This thread has been locked.

If you have a related question, please click the "Ask a related question" button in the top right corner. The newly created question will be automatically linked to this question.

CCS/MSP430FR5994: FRAM read/write power consumption using EnergyTrace

Part Number: MSP430FR5994
Other Parts Discussed in Thread: ENERGYTRACE,

Tool/software: Code Composer Studio

Hi,

I'm trying to determine how much power is consumed when copying two data buffers (~3KB in total)  to/from SRAM <-> FRAM. I'm using memcpy to copy data between SRAM and FRAM, not using DMA.

I'm trying to use EnergyTrace (CCSv8) for this purpose.

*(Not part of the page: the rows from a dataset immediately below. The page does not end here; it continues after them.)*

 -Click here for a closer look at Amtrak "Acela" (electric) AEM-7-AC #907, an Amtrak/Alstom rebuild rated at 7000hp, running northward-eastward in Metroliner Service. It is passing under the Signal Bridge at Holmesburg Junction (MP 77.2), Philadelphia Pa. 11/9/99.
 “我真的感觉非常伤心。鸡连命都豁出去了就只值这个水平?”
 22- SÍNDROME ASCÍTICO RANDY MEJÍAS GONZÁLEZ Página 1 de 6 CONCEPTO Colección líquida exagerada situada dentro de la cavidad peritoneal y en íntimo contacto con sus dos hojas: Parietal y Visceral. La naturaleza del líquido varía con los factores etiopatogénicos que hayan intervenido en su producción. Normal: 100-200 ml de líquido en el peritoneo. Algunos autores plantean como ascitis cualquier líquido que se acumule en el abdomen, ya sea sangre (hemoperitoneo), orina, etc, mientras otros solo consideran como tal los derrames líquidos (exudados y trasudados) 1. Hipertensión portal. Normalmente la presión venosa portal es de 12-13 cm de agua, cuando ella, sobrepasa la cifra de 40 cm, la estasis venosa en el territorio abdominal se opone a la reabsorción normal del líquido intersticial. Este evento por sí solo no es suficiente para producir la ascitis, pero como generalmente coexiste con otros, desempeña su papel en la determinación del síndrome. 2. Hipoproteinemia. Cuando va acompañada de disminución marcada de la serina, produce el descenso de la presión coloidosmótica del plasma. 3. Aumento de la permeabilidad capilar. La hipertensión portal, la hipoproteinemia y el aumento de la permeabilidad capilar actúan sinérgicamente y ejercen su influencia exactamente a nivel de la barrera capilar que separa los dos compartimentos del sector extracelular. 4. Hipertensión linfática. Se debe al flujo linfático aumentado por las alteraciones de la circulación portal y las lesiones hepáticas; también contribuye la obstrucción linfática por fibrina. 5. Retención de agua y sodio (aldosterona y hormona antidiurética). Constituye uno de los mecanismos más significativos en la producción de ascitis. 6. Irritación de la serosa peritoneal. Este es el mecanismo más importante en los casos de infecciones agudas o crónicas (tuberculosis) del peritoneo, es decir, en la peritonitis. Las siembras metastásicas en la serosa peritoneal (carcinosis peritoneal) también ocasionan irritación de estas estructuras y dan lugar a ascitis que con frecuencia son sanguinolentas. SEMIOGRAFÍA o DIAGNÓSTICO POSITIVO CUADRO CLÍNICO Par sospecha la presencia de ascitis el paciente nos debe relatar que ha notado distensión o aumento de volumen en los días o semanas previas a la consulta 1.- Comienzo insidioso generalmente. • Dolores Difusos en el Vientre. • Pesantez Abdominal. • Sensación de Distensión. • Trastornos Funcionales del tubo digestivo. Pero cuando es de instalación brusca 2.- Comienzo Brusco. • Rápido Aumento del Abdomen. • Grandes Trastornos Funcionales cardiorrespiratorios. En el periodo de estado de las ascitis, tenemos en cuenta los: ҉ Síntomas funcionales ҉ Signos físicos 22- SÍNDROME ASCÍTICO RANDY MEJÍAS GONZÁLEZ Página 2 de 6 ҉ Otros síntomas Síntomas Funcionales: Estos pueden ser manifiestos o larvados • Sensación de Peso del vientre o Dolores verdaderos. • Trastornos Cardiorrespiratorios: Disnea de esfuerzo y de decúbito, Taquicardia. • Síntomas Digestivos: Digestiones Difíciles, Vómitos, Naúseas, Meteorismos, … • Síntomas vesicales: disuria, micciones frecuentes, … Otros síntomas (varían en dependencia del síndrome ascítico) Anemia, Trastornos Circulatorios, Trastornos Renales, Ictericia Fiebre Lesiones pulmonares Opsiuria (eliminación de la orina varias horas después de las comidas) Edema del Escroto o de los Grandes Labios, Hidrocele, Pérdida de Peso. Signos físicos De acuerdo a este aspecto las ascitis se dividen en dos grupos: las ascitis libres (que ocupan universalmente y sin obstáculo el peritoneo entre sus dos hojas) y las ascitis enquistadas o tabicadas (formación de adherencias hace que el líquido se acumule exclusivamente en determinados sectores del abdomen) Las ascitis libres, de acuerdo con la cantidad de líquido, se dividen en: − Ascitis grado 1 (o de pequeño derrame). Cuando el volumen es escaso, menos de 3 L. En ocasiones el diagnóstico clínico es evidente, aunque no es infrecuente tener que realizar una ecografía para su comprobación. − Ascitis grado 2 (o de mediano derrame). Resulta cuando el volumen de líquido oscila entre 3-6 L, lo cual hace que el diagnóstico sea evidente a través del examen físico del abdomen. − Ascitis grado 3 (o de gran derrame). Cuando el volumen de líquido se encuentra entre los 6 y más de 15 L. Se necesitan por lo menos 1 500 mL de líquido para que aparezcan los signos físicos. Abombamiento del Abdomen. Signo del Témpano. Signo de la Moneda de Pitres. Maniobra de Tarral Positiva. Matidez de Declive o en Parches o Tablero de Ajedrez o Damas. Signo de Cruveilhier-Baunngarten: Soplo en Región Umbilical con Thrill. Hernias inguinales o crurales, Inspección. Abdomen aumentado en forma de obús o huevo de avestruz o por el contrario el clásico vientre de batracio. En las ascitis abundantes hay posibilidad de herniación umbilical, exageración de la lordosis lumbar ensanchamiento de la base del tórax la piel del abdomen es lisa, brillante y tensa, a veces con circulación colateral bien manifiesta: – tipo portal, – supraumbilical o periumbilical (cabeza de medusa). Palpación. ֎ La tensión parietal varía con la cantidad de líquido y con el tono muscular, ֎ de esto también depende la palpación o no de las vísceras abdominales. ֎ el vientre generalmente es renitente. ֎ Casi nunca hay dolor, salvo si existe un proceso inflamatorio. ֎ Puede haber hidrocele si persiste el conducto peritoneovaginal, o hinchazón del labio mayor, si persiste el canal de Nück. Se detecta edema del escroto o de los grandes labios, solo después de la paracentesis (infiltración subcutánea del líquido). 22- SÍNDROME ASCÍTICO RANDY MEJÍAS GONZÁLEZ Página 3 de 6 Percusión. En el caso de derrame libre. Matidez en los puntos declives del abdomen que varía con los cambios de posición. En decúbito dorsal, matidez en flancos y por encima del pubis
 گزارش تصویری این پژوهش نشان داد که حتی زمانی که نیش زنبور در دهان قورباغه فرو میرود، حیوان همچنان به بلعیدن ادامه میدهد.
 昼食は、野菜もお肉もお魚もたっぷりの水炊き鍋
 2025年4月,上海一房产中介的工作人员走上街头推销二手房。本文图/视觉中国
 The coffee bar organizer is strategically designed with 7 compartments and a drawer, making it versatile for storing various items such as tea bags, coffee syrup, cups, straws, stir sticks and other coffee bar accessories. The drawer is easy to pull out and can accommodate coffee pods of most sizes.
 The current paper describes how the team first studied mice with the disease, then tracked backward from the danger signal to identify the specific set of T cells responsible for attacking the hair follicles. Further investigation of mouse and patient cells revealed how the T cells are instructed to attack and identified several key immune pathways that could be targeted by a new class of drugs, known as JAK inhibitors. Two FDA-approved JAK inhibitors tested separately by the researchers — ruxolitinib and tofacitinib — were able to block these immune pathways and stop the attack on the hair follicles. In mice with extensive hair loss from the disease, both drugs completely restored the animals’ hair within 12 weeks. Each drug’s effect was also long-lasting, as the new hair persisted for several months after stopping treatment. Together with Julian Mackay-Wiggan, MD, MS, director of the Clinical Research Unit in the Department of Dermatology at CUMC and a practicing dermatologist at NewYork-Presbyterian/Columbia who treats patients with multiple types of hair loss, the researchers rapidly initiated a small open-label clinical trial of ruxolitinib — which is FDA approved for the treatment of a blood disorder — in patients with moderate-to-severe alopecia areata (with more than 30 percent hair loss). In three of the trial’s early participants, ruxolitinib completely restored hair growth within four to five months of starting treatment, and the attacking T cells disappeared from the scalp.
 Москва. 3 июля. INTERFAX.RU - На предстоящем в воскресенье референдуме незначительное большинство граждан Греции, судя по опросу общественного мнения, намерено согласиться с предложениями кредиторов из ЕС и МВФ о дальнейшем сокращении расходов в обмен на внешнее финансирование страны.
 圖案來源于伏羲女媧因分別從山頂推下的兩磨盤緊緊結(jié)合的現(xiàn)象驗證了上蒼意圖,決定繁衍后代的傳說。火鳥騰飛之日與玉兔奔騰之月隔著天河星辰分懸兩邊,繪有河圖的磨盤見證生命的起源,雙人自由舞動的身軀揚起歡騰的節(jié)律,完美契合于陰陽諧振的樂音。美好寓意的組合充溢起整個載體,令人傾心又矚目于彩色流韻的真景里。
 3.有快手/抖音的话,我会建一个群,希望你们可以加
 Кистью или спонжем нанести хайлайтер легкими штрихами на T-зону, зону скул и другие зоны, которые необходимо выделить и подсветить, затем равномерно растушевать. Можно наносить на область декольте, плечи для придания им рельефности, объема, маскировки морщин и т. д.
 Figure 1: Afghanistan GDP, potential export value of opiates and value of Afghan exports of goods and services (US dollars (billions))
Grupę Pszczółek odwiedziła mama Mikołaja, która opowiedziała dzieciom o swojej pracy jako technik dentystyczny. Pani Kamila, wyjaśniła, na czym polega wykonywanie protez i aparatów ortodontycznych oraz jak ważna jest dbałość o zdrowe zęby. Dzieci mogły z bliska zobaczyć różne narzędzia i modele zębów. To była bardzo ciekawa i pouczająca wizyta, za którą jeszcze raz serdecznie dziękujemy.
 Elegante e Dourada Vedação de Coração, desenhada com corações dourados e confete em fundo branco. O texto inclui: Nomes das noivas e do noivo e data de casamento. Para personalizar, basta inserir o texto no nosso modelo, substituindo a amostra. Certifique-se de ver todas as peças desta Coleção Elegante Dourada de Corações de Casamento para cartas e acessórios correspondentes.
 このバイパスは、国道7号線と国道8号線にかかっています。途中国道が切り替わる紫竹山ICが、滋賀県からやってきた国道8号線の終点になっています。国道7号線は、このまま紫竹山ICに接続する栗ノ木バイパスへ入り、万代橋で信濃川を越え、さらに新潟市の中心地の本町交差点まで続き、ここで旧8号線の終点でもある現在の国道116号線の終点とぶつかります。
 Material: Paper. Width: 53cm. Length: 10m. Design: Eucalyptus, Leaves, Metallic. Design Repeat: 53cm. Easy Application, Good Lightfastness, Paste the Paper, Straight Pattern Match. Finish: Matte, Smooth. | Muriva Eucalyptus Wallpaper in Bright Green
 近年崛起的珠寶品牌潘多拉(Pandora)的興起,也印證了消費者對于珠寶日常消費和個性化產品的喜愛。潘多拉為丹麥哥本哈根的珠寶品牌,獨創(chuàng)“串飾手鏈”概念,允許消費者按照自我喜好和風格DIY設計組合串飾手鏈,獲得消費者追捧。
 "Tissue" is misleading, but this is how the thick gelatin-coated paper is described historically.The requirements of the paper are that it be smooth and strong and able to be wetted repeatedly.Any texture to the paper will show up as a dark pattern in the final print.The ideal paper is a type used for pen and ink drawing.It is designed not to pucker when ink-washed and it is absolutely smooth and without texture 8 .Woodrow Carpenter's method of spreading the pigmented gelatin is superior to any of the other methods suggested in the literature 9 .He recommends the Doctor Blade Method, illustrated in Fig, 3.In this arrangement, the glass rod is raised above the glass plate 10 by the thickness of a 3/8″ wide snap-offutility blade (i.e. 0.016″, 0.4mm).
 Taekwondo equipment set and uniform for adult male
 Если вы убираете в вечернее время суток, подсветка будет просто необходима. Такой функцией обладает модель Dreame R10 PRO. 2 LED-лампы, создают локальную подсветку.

I have set markers in the code (e.g. toggling GPIO / output to UART etc.) but these markers are not seen in the Energy Trace power output (attached).

The initial spike seen is I think the clocks being setup ?, but where's the gpio toggling power consumption ?

The whole FRAM<->SRAM data transfer takes about 3ms each, so i've zoomed in the plot.

CPU is running in Active power mode. Energy trace is used in standalone mode.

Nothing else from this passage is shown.